The Self-Hosting Trade-Off: Control vs. Responsibility

This incident highlights a tension that every founder running AI agents must confront. Self-hosting frameworks like Hermes Agent or OpenClaw gives you full control over your data and infrastructure. But it also means you are personally responsible for tracking supply chain threats, applying security patches, and rotating credentials after incidents.

The Hermes Agent team responded well, shipping a hardening release within four days. But four days is a long time when credential harvesters are running. And not every open-source project has 63 contributors who can mobilize that quickly.

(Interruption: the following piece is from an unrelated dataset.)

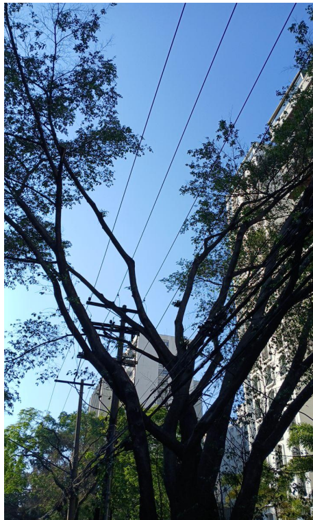
Figura 5 e 6. Registro dos fatores de risco de queda

For founders who want the benefits of open-source AI agents without the operational security burden, the practical middle ground is using a managed deployment that handles dependency management and isolation for you while still giving you visibility into what is running. Our cost breakdown for hosting AI digital coworkers walks through the real numbers.

What This Means for Your AI Strategy

The LiteLLM supply chain attack is not a reason to avoid AI agents. The productivity gains are real: businesses using AI assistants report 40% to 70% reductions in support response times and significant cost savings per interaction. But it is a reason to treat your AI agent deployment with the same security rigor you apply to your payment processing or customer database.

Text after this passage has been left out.